1. The issue is of utmost concern to Tyler. Tyler’s first priority is working with our clients to (1) ensure the security of their data, and (2) remediate the issue as soon as possible so our clients can continue to use Odyssey Portal to serve their constituents. 

2. We are gathering as much information as possible to determine what type of data was accessed and whose nonpublic data may have been made available through a judyrecords.com search. We are committed to sharing our findings with our clients and taking appropriate actions to ensure security of client data.

3. Tyler and judyrecords.com are currently coordinating with each other to identify other potentially impacted Tyler clients. The operator of judyrecords.com has indicated a willingness to share detailed information that will assist Tyler in determining which client data was involved. Tyler acknowledges and appreciates that judyrecords.com has taken steps to contain further disclosure of nonpublic information. We acknowledge judyrecords.com takes the position that the accessing and disclosure of nonpublic information by judyrecords.com was inadvertent. 

4. Tyler has been receiving and will continue to work to receive information from judyrecords.com and from Tyler’s clients in a forensically sound manner to assist with the investigation. Tyler has engaged our outside security team, Mandiant, to assist with this work. Tyler looks forward to continuing to work cooperatively with judyrecords.com and with our potentially impacted clients to ensure a full investigation is completed and all nonpublic information remains confidential.   

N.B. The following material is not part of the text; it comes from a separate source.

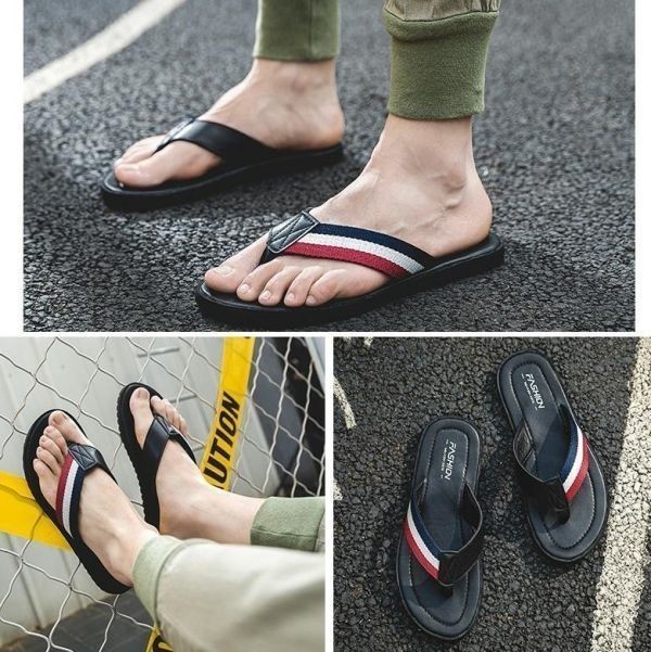 > 【黒 26-25.5cm】【sa20】 サンダル メンズ おしゃれ PU 革 合皮 シンプル ビーチサンダル アウトドア キャンプ 海 夏 黒 2
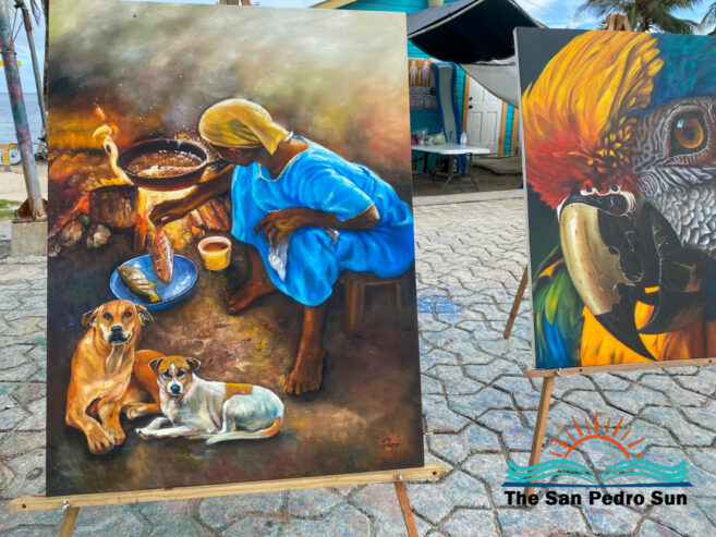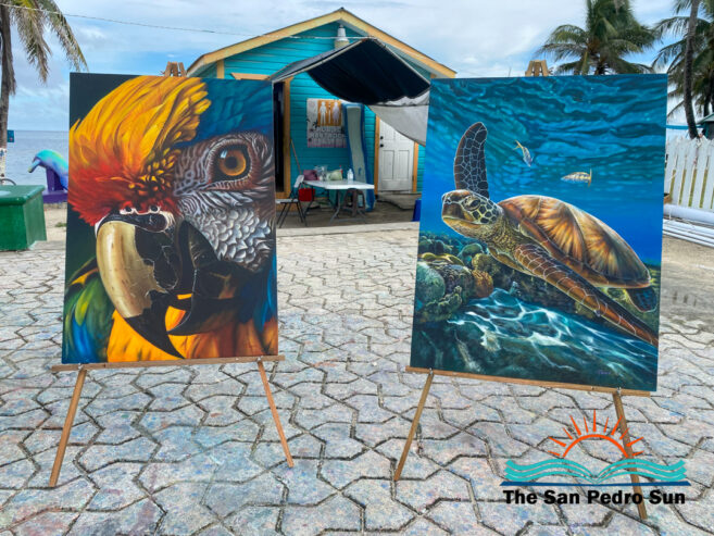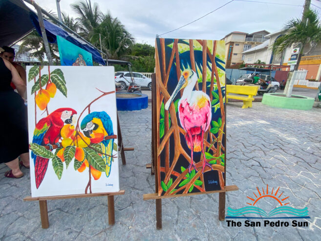 The showcased artworks captured the island’s natural beauty, wildlife, and heritage. Several paintings depicted San Pedro’s early days as a fishing village, while others celebrated its vibrant marine life, tropical scenery, and the connection between tourism and the fishing industry.

• On Feb. 24, 2022, Tyler learned that the State Bar of California’s nonpublic case record data was posted to judyrecords.com.

• On Feb. 28, 2022, Tyler learned that judyrecords.com may have also performed data harvesting activity on the Odyssey Portals of other Tyler clients and had potentially posted nonpublic data of other Tyler clients online as well. This activity was confirmed by judyrecords.com on March 4, 2022.

• Tyler quickly notified potentially affected Odyssey Portal clients and provided recommendations for containment, including the option of taking their public-facing Odyssey Portal offline.

• Judyrecords.com's data harvesting activity involved only certain public-facing Odyssey Portal installations. It did not involve nonpublic-facing Odyssey Portal installations or Odyssey case management systems. 

• Between March 2 and March 18, 2022, Tyler held eight webinars for Odyssey Portal clients to explain what we know about the judyrecords.com activity, the scope of its impact, and the steps clients can take to remediate and/or mitigate a data harvesting risk on their Odyssey Portal deployment.

• The Tyler team invited all potentially affected clients to multiple online webinars to explain the issue and direct them to resources for more information. 

• Tyler’s support team has posted recommended actions and instructions on Tyler’s community platform, and these are being updated regularly.  

• Tyler has dedicated additional staff and resources to research and mitigate this matter. 

• Tyler has engaged Mandiant, a third-party security forensic company, to support Tyler’s investigation of this issue.